Film crews gear up to document recovery of thousands of game cartridges and consoles

Microsoft wins approval to excavate Atari’s legendary E.T. dump site

The planned excavation of the fabled Atari dump site said to be filled with thousands of copies of E.T. The Extraterrestrial game cartridges has overcome its latest hurdle.

According to Alamogordo News, The New Mexico Environment Department has granted approval for the dig having previously blocked previous plans, claiming they were "too vague". There were also concerns that the ground held certain chemicals found to exceed federal thresholds.

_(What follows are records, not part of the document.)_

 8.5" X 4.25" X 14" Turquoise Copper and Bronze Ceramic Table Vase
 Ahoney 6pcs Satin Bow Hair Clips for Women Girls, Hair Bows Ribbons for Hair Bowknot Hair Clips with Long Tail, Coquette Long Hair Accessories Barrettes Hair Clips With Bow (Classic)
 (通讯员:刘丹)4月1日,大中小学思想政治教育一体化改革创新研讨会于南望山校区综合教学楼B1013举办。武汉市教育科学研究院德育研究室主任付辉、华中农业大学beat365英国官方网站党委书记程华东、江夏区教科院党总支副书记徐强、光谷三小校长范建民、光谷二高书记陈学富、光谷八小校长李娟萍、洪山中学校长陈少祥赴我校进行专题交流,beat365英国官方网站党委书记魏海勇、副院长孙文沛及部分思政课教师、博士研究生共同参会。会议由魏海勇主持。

Xbox Entertainment Studios, Fuel Entertainment and LightBox Entertainment however will now be able to dig up portions of an old Alamogordo landfill to search for the game cartridges, believed to have been dumped there after the title’s catastrophic failure which nearly single-handedly destroyed Atari.

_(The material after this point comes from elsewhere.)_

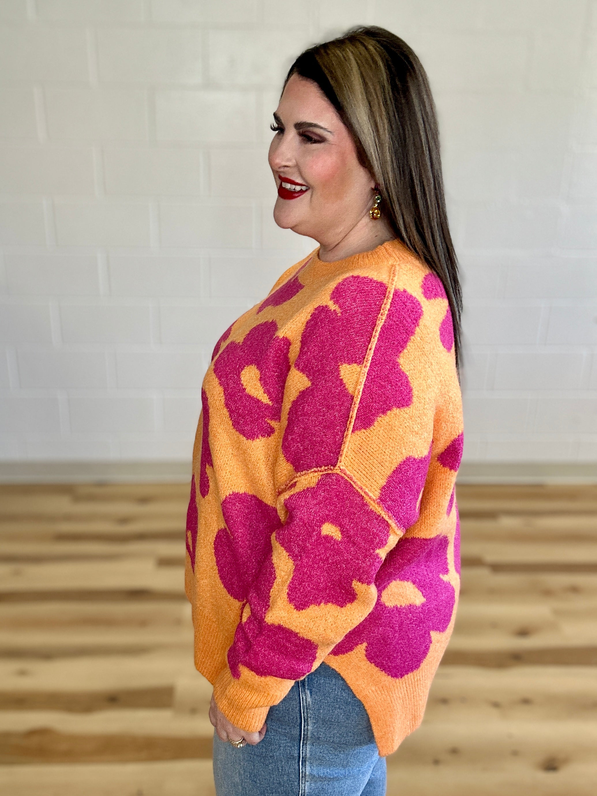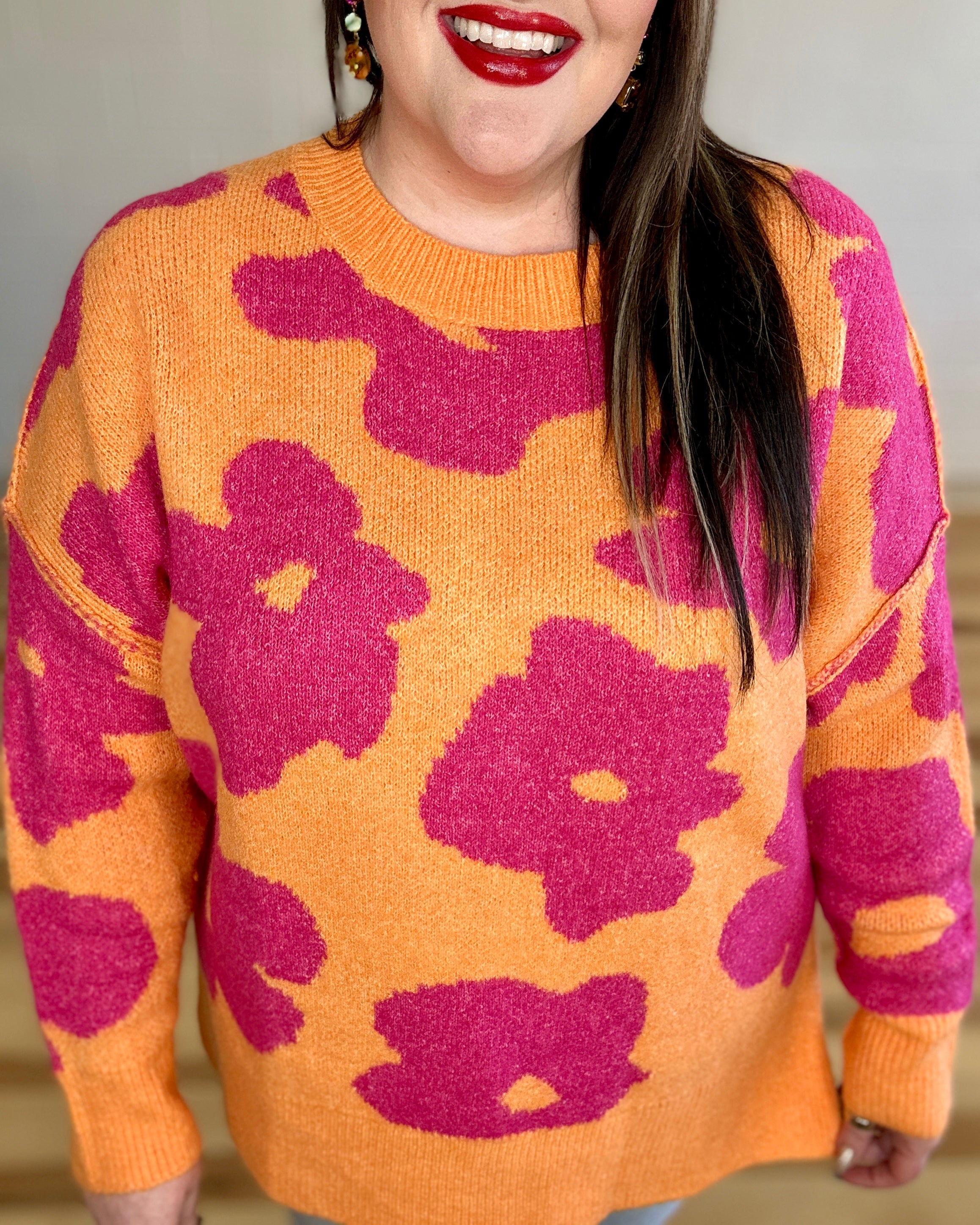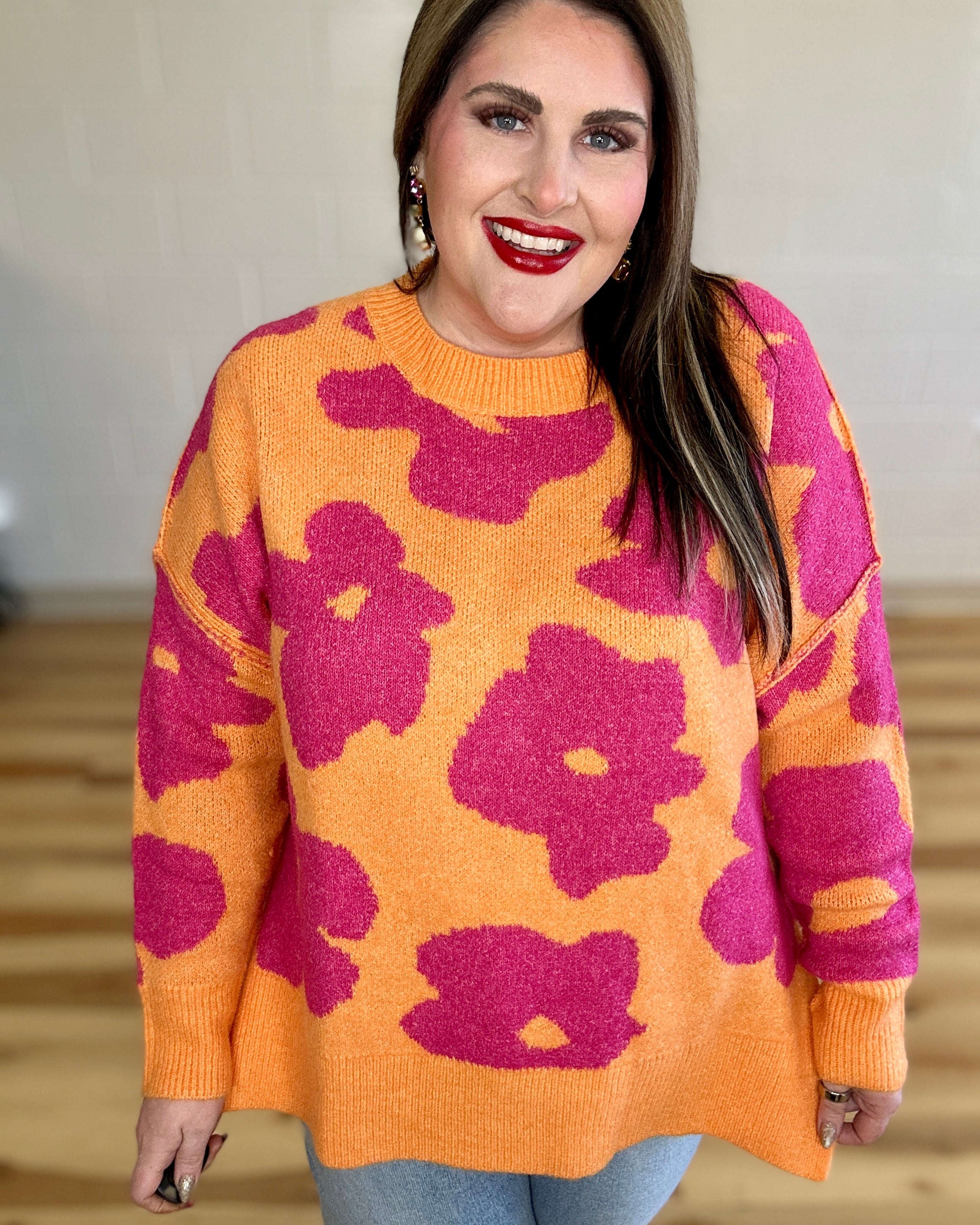 Elevate your everyday wardrobe with this oversized floral knit sweater from Davi&Dani. Striking orange and fuchsia blooms create visual interest across the entire piece, while the relaxed silhouette offers comfort without compromise. Ribbed trims provide structure and definition, while strategically placed side slits enhance movement and versatility. Layer it effortlessly over basics or pair with denim and wide-leg trousers for a polished, intentional look that transitions seamlessly from season to season.

The NMED has asked to be notified five working days in advance of any excavation and the companies must register as certified or commercial haulers of waste before they can start the dig.

News of the dig first emerged last year when film company Fuel Industries, which plans to document the whole excavation, was granted permission by Alamogordo to dig up the landfill site, which has remained buried since 1983. It was believed that Atari dumped 14 truckloads of discarded cartridges and computer equipment into the area, and covered the landfill over with concrete.

The company has around six months to excavate the land and find the game cartridges, if they exist.